My father did the same, but we didn’t make eye contact. Ron stayed in his chair. He didn’t look any happier than my father did. “You boys Think About What I’ve Said, and Give Me Your Thoughts,” he said. I was halfway down the hall when he added, in distinctly lower case tones, “These are just proposals, you know.”
I went back to Vancouver ten days later to start my university classes. I didn’t give my father my thoughts before I left. The truth was that I didn’t have any particular thoughts about his Grand Plan, and I was pretty sure he wasn’t interested in my thoughts about The Plan or about anything else even if I’d had them. Two months after that, Ron walked into his office and told him he was quitting. He moved to Kamloops, got a job there, and tried to get on with his life. A month after that, my father started negotiations to sell the business. Within a year he’d moved himself and my mother to the Okanagan Valley, and was living on the shores of Skaha Lake, retired.
I didn’t talk to my father about his Grand Plan for almost 20 years. When I did, we were in his big Cadillac, driving to Edmonton on the one road trip we ever made together. I think I was trying to offer a backhanded apology for hurting him all those years ago, but it came out wrong. I asked him what he’d been thinking when he wanted to put me in charge of the big operation and send my brother away.
“I was trying to give you a world,” he said, without looking at me. “But you thought you knew everything, and you didn’t want it.”
“I wanted my own world,” I said, and left it at that. Another 17 years went by before the subject hit the table again. When it did, I heard the same bitter anger and disappointment in his voice: I’d thrown away his world.

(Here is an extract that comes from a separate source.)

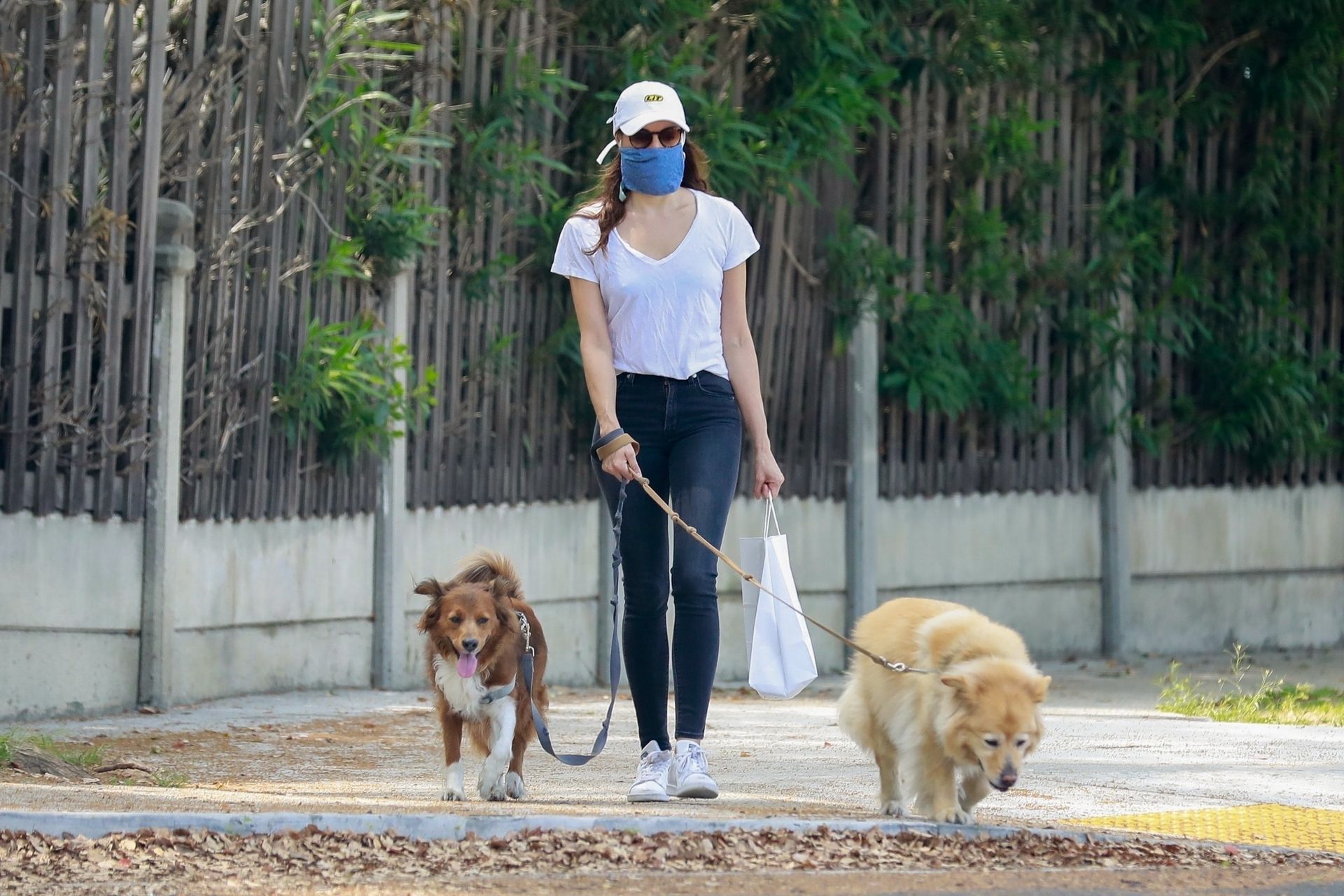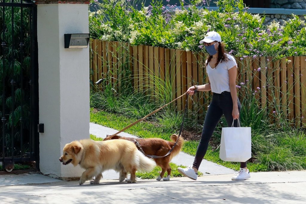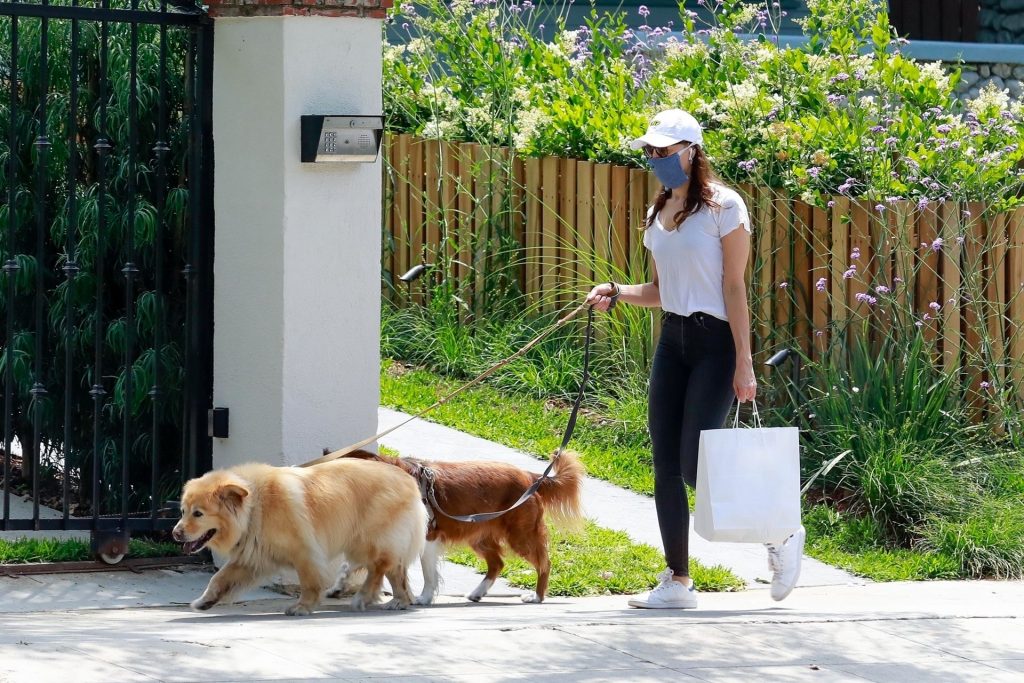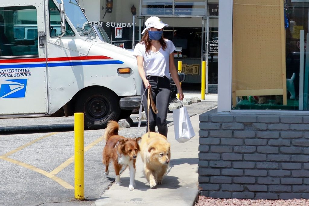 Actriz Aubrey Plaza lleva a sus perros a pasear por la calle hasta la tienda de mascotas en Los Feliz, 09/05/2020. Aubrey compró algunos artículos para sus perros y regresó caminando a casa.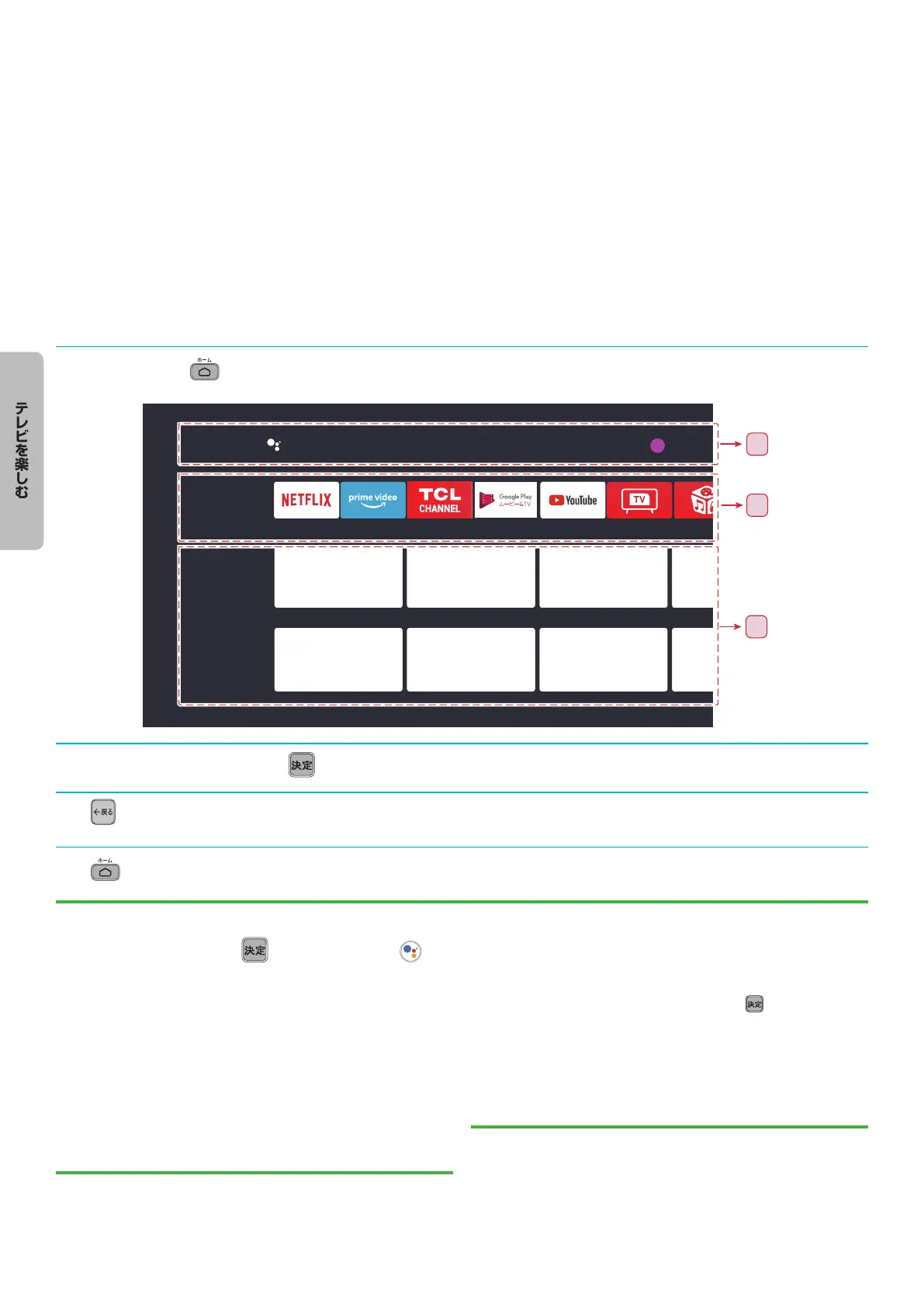 ●● Google●テレビのホームページでは、音声またはリモコン操作による入力によってコンテンツを検索したり、おすすめ、映画、

And this could be the end of it, another story of miscommunication between fathers and true-bred sons. I could accuse him of not being able to bear having his sons around him with their bushy tails up, of not seeing our need for autonomy, of not letting us live on our own terms. And that would all be true. But it isn’t the whole story. There are two more parts to this story, and they’re quite different.
One is about my brother. My father, you see, hoped Ron would come back, and he waited very patiently. And slowly, gradually, my brother came back. It wasn’t easy for either of them, and it didn’t always go well, but eventually, they rebuilt the Grand Plan so that it was their plan. Given that every independent soft drink bottler in British Columbia was gone by 1980—absorbed by the corporations—their Revised Grand Plan is almost certainly better and grander than the original could have turned out. It’s also better because in the Revised Grand Plan, Ron’s two sons work for him, and as far as I can see, with their tails straight up.
The other chapter is mine, and it is an after-the-fact admission of debt. I did go back to university that fall, just as I intended, and I did it without regrets and without looking back. I made a very different life than the one my father tried to plan for me: no Hawaii, no Redheads on a Sandy Beach. My father never quite understood why I did the things I did, and I’d be kidding myself if I said I thought he believed that what I pursued in life was worthwhile: “Book-learned nonsense,” he’d grumble, “not worth the powder to blow it to hell.”
But—and this is what matters—he went along with it anyway, and he sent me money so I could stay at university without very much hardship. He was grudging and ungracious about it, and he always tried to attach strings. But now I see that he ignored it when I snipped the strings, and he didn’t really demand that I be directly grateful for his help. I don’t know if he was proud of the books I’ve written. But I do know he read them all, and occasionally, he’d correct errors of fact I’d made, nearly always with an “aha!” that made the windows vibrate.
I owe him for all of it, and it’s my shame that this half-assed posthumous acknowledgment is the only one he ever got.